Raw data:
##############################
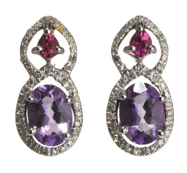 3240. *Boucles d'oreilles ajourées serties d'une améthyste taille oval...
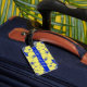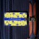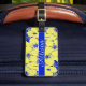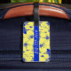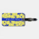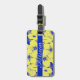 Ein schöner und einer von einer Art Gepäckanhänger mit tropisch gelben Blumen vor einem kobaltblauen Hintergrund. Bereit, um mit Ihrem Namen auf der Vorderseite und Telefonnummer auf der Rückseite angepasst zu werden.
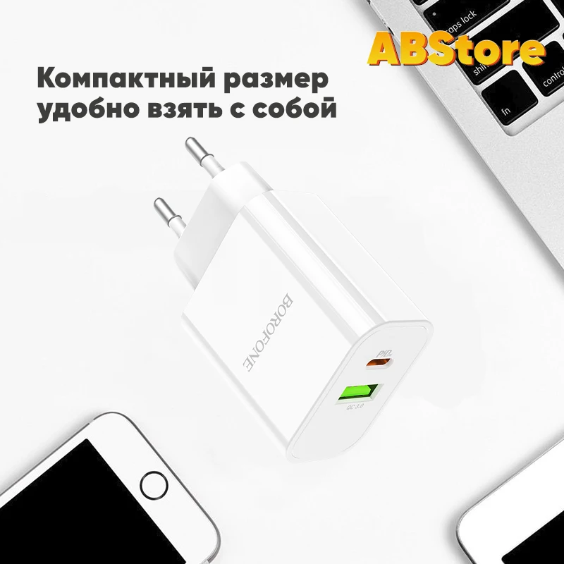 Сетевое зарядное устройство Borofone BA55A USB QC 3.0 + Type C Power Delivery.
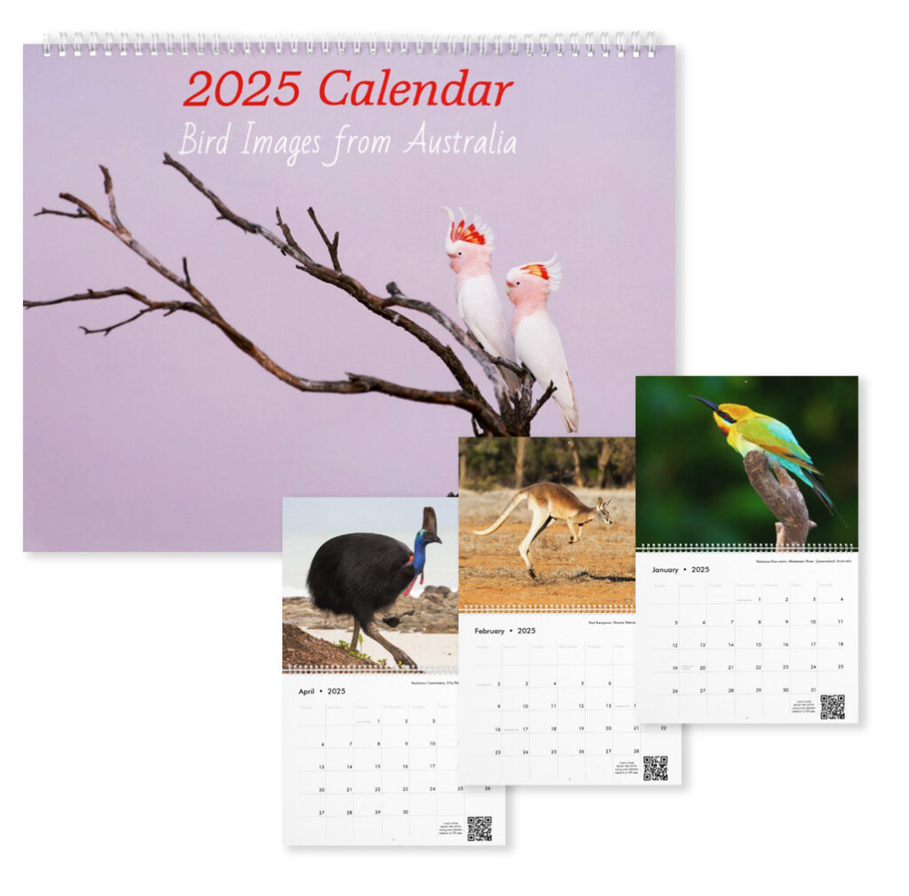 My 2025 calendar, with many never before seen images from a past trip to Australia, is now available. Printed on thick high gloss paper, each month features nature photography of the birds (or mammals) seen in the land down under. Each month also comes with a QR code that points back to an article of the featured critter so that you can learn more about them and where they live.
##############################
Keep the pictures out of your copy. Copy only the lines from the line that holds "Ein schöner und" through the last line of the listing above, both included.

Task result:
 Ein schöner und einer von einer Art Gepäckanhänger mit tropisch gelben Blumen vor einem kobaltblauen Hintergrund. Bereit, um mit Ihrem Namen auf der Vorderseite und Telefonnummer auf der Rückseite angepasst zu werden.
 Сетевое зарядное устройство Borofone BA55A USB QC 3.0 + Type C Power Delivery.
 My 2025 calendar, with many never before seen images from a past trip to Australia, is now available. Printed on thick high gloss paper, each month features nature photography of the birds (or mammals) seen in the land down under. Each month also comes with a QR code that points back to an article of the featured critter so that you can learn more about them and where they live.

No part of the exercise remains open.